Alexa, Amazon’s poster child for connected home devices, has recently received yet another update. Researchers have developed a method of implementing improved natural language processing in the model, cutting the error rate by 8%. This was done through a combination of transfer learning and utilising AI to generate ‘embeddings’ of words.
Transfer learning was implemented with a neural network to train an AI on a large dataset of annotated speech samples, thus enabling researchers to bootstrap training in a new domain with sparse data. This technique taps into millions of unnannotated interactions with Alexa, fueled by data from users of Amazon’s Echo products.
These interactions were utilised to train a model to generate something known as embeddings, which are direct numerical representations of words. Post the generation of these embeddings, words with similar functions are grouped closely together. This grouping is conducted with reference to their “co-occurence” with other words, as this is the way that natural language works.

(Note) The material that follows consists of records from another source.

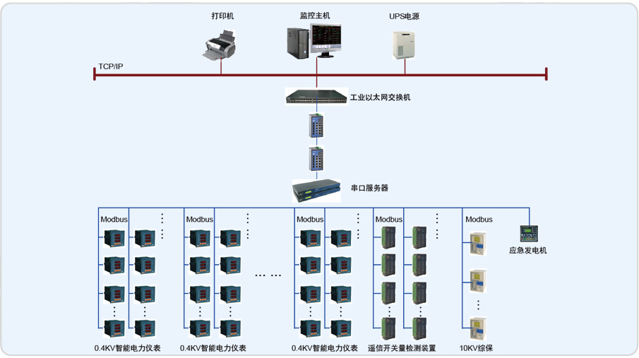 1、数据采集与处理:数据采集主要由底层多功能网络仪表采集完成,实现远程数据的本地实时显示。
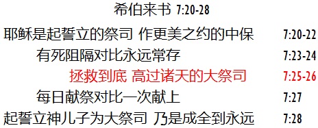 20-22节对称到28节都强调耶稣为祭司是神起誓立的,是更美的,是成全到永远的;23-24节及27节各有一个对比,“死亡阻隔和永远长存的对比”;“每日献祭和一次献祭的对比”,要说明律法所立人间大祭司和永远大祭司的差别;凸显出中间25-26节的中心信息,讲到这位高过诸天的大祭司,更美之约的中保要如何拯救我们这些罪人,让我们可以进到神的面前。
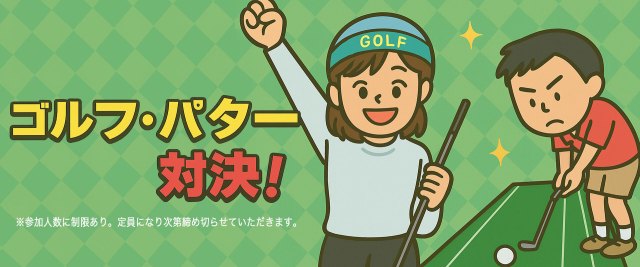 日曜あさ6時15分放送『SUNDAYスマイルGOLF』にも出演しているゴルフ大好きの新田アナ(スコア80)とパター対決!
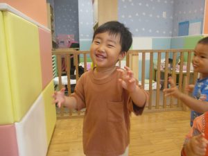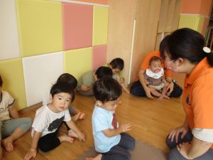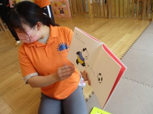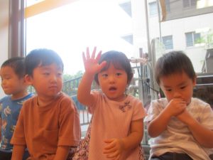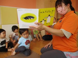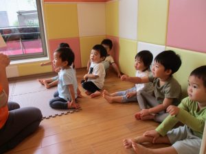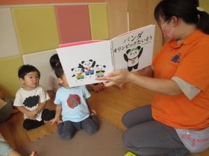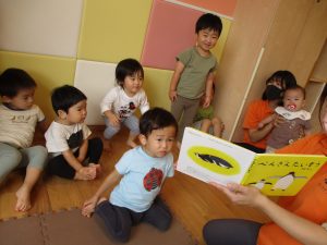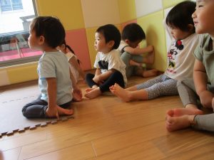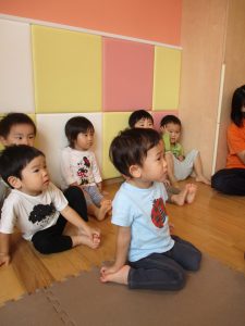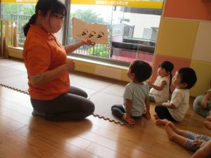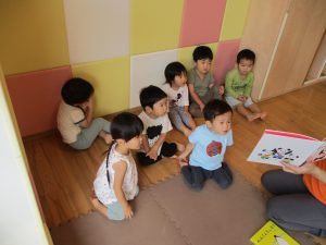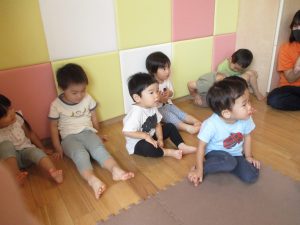 水曜日は育脳カリキュラムの「体操」の日になりますので、リズム体操後に「体操」の絵本を用いて今後の「体操」への意欲や関心に繋げております♪

Thus, by determining how many co-occuring words two words have in common, it is possible to know their distance from each other in the embeddings. This allows Amazon to capture information about words that are similar to each other semantically, without the requirement of human labour transcribing the words from speech.
These embeddings are organised using a scheme known as embeddings from language models, or ELMo for short. Alexa researchers created a version of ELMo that fits in with the requirements of Alexa. As it requires real-time processing of spoken text, they created a version of ELMo they called ELMo Light (ELMoL).
Proceeding this, the researchers created 3 models, one with ELMo, one with ELMoL, and one without any embedding scheme. The first two networks had their embedding layers trained on upwards of 250 million unannotated requests to the assistant, with the second step being utilising 4 million annotated requests from existing Alexa services. Keeping in mind that this also utilised transfer learning, the models were retrained on limited data to perform new tasks.
The results showed that the network that utilised ELMo came in first, with ELMoL following close behind. Researchers also observed that the improvements were inversely proportional to the amount of data used in the final retraining step. This proved that the transfer learning algorithm was successful in providing results from smaller amounts of data.